- [Assigned task] Apart from the pictures, please restate every entry below exactly.

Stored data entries
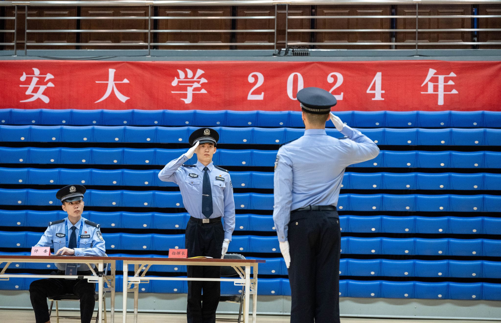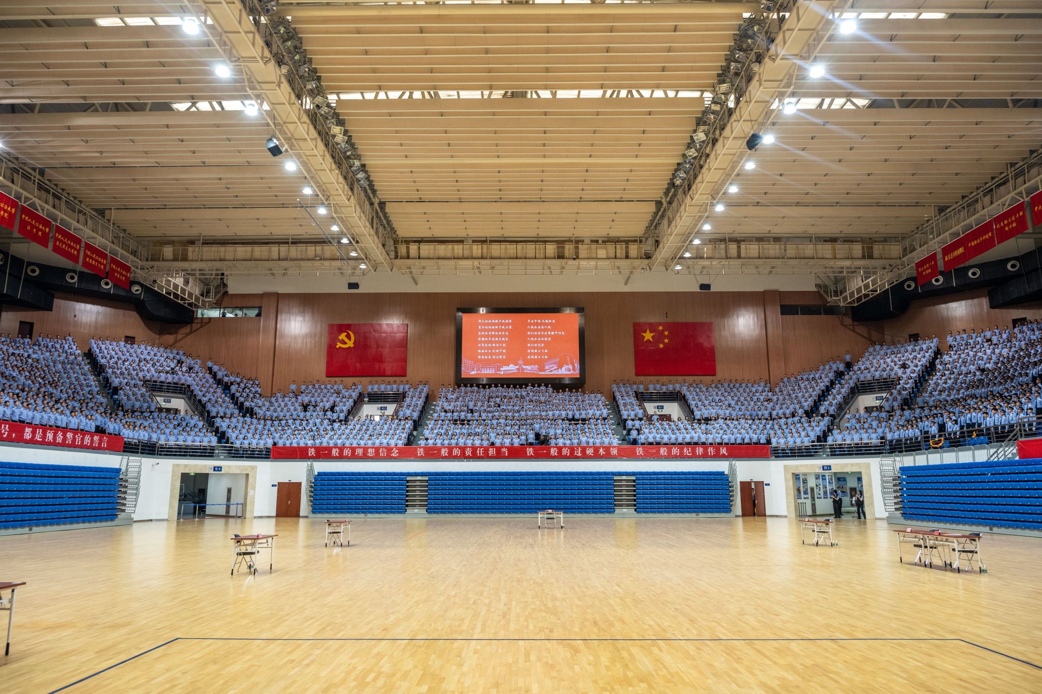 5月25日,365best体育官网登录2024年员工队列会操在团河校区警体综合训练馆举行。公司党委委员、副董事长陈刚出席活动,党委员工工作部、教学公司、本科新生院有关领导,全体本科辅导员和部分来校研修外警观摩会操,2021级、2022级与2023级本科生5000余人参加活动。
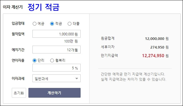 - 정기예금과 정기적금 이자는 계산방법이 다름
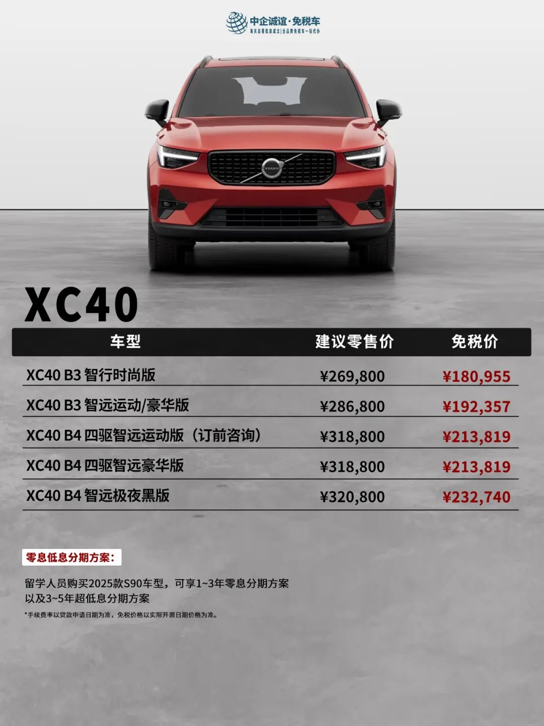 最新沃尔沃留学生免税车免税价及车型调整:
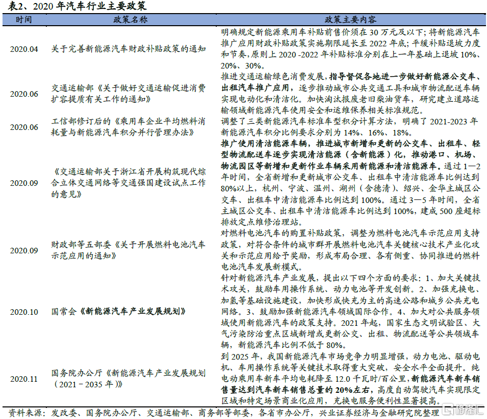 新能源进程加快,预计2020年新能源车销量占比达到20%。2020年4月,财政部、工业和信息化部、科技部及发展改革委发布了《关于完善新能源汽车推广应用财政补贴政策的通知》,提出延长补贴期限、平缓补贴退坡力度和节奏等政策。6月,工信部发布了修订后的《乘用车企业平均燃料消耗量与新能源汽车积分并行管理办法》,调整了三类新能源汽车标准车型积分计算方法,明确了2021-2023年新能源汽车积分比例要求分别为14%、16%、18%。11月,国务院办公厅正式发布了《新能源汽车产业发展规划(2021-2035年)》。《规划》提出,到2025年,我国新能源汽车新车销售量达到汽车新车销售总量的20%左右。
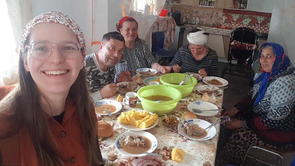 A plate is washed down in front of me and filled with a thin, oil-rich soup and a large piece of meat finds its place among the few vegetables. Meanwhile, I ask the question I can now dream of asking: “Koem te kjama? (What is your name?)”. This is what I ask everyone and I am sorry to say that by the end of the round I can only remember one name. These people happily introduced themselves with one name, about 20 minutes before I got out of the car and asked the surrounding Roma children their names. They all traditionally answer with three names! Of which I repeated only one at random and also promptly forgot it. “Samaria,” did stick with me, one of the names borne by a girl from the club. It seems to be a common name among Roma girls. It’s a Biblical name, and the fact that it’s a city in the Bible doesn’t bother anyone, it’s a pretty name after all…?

- [Result for this exercise]
 5月25日,365best体育官网登录2024年员工队列会操在团河校区警体综合训练馆举行。公司党委委员、副董事长陈刚出席活动,党委员工工作部、教学公司、本科新生院有关领导,全体本科辅导员和部分来校研修外警观摩会操,2021级、2022级与2023级本科生5000余人参加活动。
 - 정기예금과 정기적금 이자는 계산방법이 다름
 最新沃尔沃留学生免税车免税价及车型调整:
 新能源进程加快,预计2020年新能源车销量占比达到20%。2020年4月,财政部、工业和信息化部、科技部及发展改革委发布了《关于完善新能源汽车推广应用财政补贴政策的通知》,提出延长补贴期限、平缓补贴退坡力度和节奏等政策。6月,工信部发布了修订后的《乘用车企业平均燃料消耗量与新能源汽车积分并行管理办法》,调整了三类新能源汽车标准车型积分计算方法,明确了2021-2023年新能源汽车积分比例要求分别为14%、16%、18%。11月,国务院办公厅正式发布了《新能源汽车产业发展规划(2021-2035年)》。《规划》提出,到2025年,我国新能源汽车新车销售量达到汽车新车销售总量的20%左右。
 A plate is washed down in front of me and filled with a thin, oil-rich soup and a large piece of meat finds its place among the few vegetables. Meanwhile, I ask the question I can now dream of asking: “Koem te kjama? (What is your name?)”. This is what I ask everyone and I am sorry to say that by the end of the round I can only remember one name. These people happily introduced themselves with one name, about 20 minutes before I got out of the car and asked the surrounding Roma children their names. They all traditionally answer with three names! Of which I repeated only one at random and also promptly forgot it. “Samaria,” did stick with me, one of the names borne by a girl from the club. It seems to be a common name among Roma girls. It’s a Biblical name, and the fact that it’s a city in the Bible doesn’t bother anyone, it’s a pretty name after all…?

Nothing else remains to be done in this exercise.